The central question: does Jetty add or remove kilometers from Mexico City's roads? The answer depends almost entirely on which vehicle you're riding in. Click each vehicle below to explore why.

🚗 Shared Car +7–10 km VKT per passenger
🚐 Shared Van −0.2 to −1.1 km VKT per passenger
🚌 Shared Bus +0.4–1.1 km VKT per passenger
Why do shared cars increase traffic? Even though these are "shared" (3–6 seats), the average demand per run is only around 2 passengers. The car adds nearly as many vehicle-kilometers as a solo driver would, but with only marginally more riders. The VKT ratio — vehicle-km per passenger-km — is 3.5× for cars vs. below 1× for large buses. Cars also predominantly replace trips that were already made in low-occupancy vehicles (taxis, ridesourcing), so the network barely benefits.

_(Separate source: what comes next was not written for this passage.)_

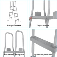 Features * Designed for above-ground swimming pools * Rust-resistant metal frame * Flared base * Removable heavy-duty plastic steps * Easy assembly
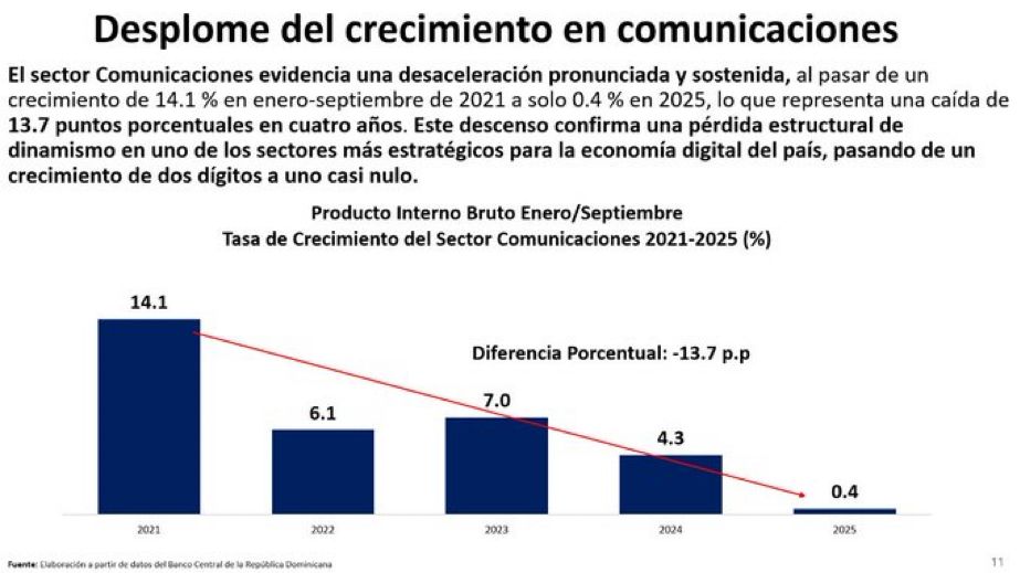 Santo Domingo.-El sector comunicaciones registró un crecimiento nulo de 0.4% entre enero y septiembre de 2025, marcando el punto más bajo de los últimos cinco años y evidenciando una desaceleración persistente. Esta situación genera inquietud entre las autoridades, que además expresan preocupación por la difusión de noticias falsas en redes sociales.

Why do vans actually reduce traffic? Two factors combine favorably here. First, vans carry 7–10 passengers on average, spreading the vehicle-kilometers across many riders. Second, and more importantly, van users disproportionately replace car trips: 15% would have driven themselves if Jetty weren't available, versus only 10% of bus users. Taking a car off the road and replacing it with a shared van carrying 9 people is a clear win. The VKT savings are modest but real — and importantly, they survive even with 10–20% empty-kilometer assumptions.
Why do buses increase VKT despite high capacity? This is the paper's most counterintuitive result. Buses carry up to 18 passengers per run on average and have excellent VKT-per-passenger ratios. But their riders mostly came from public transit in the first place — 23% replaced a Metro + Microbus combination. They weren't driving; they were already in shared modes. Adding a premium bus to the network doesn't remove cars — it just offers a nicer version of a trip that was already efficient. The extra vehicle-kilometers of the Jetty bus outweigh the marginal improvement in their replaced trips.

The key isn't vehicle size. It's who switches — and what they were doing before.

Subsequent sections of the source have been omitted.